This article is part of the supplement: Eighth International Conference on Bioinformatics (InCoB2009):Computational Biology
DNA-binding residues and binding mode prediction with binding-mechanism concerned models
1 Department of Computer Science and Information Engineering, National Taiwan University, Taipei, 106, Taiwan, Republic of China
2 Department of Engineering Science and Ocean Engineering, National Taiwan University, Taipei, 106, Taiwan, Republic of China
3 Institute of Biomedical Engineering, National Taiwan University, Taipei, 106, Taiwan, Republic of China
4 Graduate Institute of Biomedical Electronics and Bioinformatics, National Taiwan University, Taipei, 106, Taiwan, Republic of China
5 Center for Systems Biology and Bioinformatics, National Taiwan University, Taipei, 106, Taiwan, Republic of China
BMC Genomics 2009, 10(Suppl 3):S23 doi:10.1186/1471-2164-10-S3-S23Published: 3 December 2009
Protein-DNA interactions are essential for fundamental biological activities including DNA transcription, replication, packaging, repair and rearrangement.
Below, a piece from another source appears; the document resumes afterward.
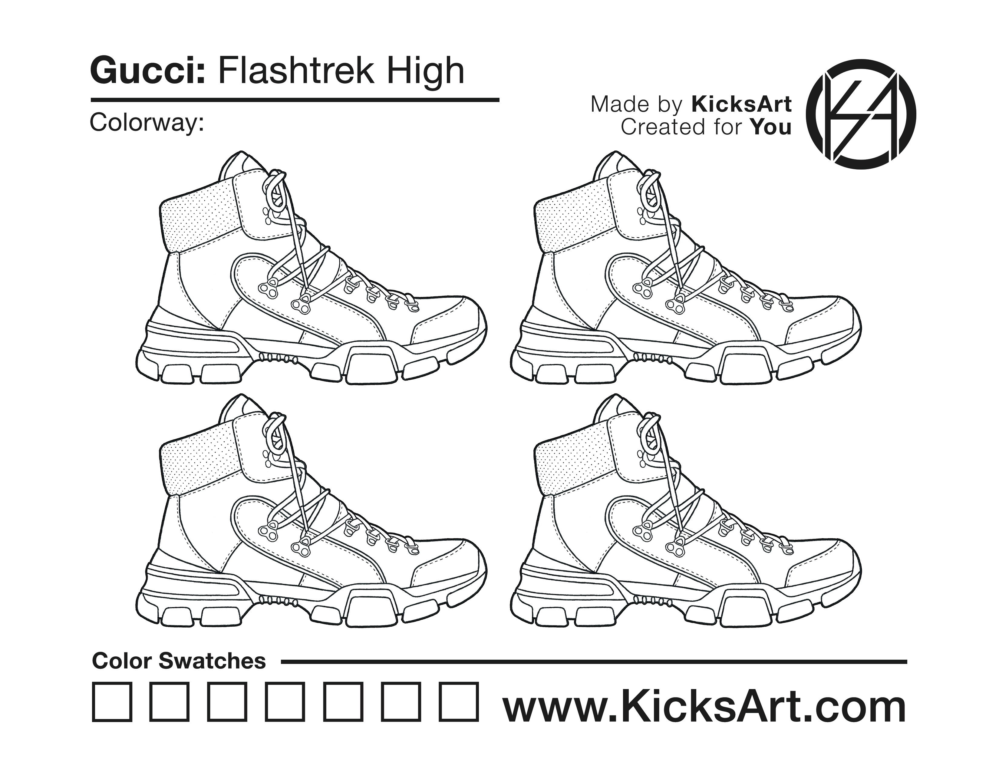 Gucci Flashtrek High Sneaker Coloring Pages March 17, 2019 kicksart05 For any sneaker coloring page, click on the button above the image to start the instant download! FREE Download: Gucci Flashtrek High Art materials can be expensive!Try out colorways on these smaller templates so your supplies can last longer! Gucci Flashtrek High (4UP)

Proteins interacting with DNA can be classified into two categories of binding mechanisms - sequence-specific and non-specific binding. Protein-DNA specific binding provides a mechanism to recognize correct nucleotide base pairs for sequence-specific identification. Protein-DNA non-specific binding shows sequence independent interaction for accelerated targeting by interacting with DNA backbone. Both sequence-specific and non-specific binding residues contribute to their roles for interaction.
The proposed framework has two stage predictors: DNA-binding residues prediction and binding mode prediction. In the first stage - DNA-binding residues prediction, the predictor for DNA specific binding residues achieves 96.45% accuracy with 50.14% sensitivity, 99.31% specificity, 81.70% precision, and 62.15% F-measure. The predictor for DNA non-specific binding residues achieves 89.14% accuracy with 53.06% sensitivity, 95.25% specificity, 65.47% precision, and 58.62% F-measure. While combining prediction results of sequence-specific and non-specific binding residues with OR operation, the predictor achieves 89.26% accuracy with 56.86% sensitivity, 95.63% specificity, 71.92% precision, and 63.51% F-measure. In the second stage, protein-DNA binding mode prediction achieves 75.83% accuracy while using support vector machine with multi-class prediction.
This article presents the design of a sequence based predictor aiming to identify sequence-specific and non-specific binding residues in a transcription factor with DNA binding-mechanism concerned. The protein-DNA binding mode prediction was introduced to help improve DNA-binding residues prediction. In addition, the results of this study will help with the design of binding-mechanism concerned predictors for other families of proteins interacting with DNA.